A good watch, although very different to the book...
I've read He Died with a Falafel in his Hand several times and I'm a big fan of John Birmingham, he is a wonderful author.
When I first saw this film I have to admit I was quite put out with the character being significantly different to that of Birmingham in the book and also the stories being quite different and most of them being left out altogether. I am the kind of person that get's annoyed with a film if it's 'historically inaccurate' (eg: Marie Antoinette, Becoming Jane etc...make me very angry!) and indeed it annoyed me that this film changed quite a lot of the things that actually happened in Birmingham's real life.
However, after watching it again I realized just how amazing Noah Taylor is and of course the supporting cast. I also realized that if all of the stories in the book were included the film, it would've had to have been HOURS longer. It seems almost as if the film is just a VERY small portion of the book, just a nugget of the overall story, which in it's self didn't finish with the end of the book.
I enjoyed the story in the film, even if it was significantly different. And although I love the book much more than the film, I have learnt to appreciate and respect the film for what it is.
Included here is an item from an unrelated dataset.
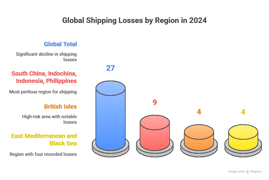 In 2024, the global shipping fleet recorded only 27 total losses, marking a 20% decrease from the previous year and a 75% decline since 2015. This significant improvement reflects enhanced safety protocols and technological advancements.

It's a fascinating story and Noah Taylor is just incredible as the main character, Danny. I also recognize a lot of the supporting cast from other Australian films or TV shows. (For example Sophie Lee from Muriel's Wedding.) There's something about Australian share house living that rings true with so many people.
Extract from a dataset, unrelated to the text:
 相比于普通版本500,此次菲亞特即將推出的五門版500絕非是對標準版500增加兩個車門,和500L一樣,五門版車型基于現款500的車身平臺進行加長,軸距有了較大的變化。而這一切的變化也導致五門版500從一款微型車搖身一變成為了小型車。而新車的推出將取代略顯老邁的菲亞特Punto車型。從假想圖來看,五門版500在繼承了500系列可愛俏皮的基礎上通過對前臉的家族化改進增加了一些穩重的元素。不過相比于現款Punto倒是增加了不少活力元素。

I my self have lived in many share houses and lived with some neurotic freak shows or stoned hippies or insomniac business men, and there is nothing that shows the transition from one place to the next more than this film. (And of course to a larger extent, the book.) It can feel almost likes nothing's changed from one house to the next when you move too often.
Sometimes you have the feeling the script has missed out on some of the plot and character development, but otherwise it's an interesting film. If only for Noah Taylor.
I do recommend reading the book though, as it is for all intents and purposes much better.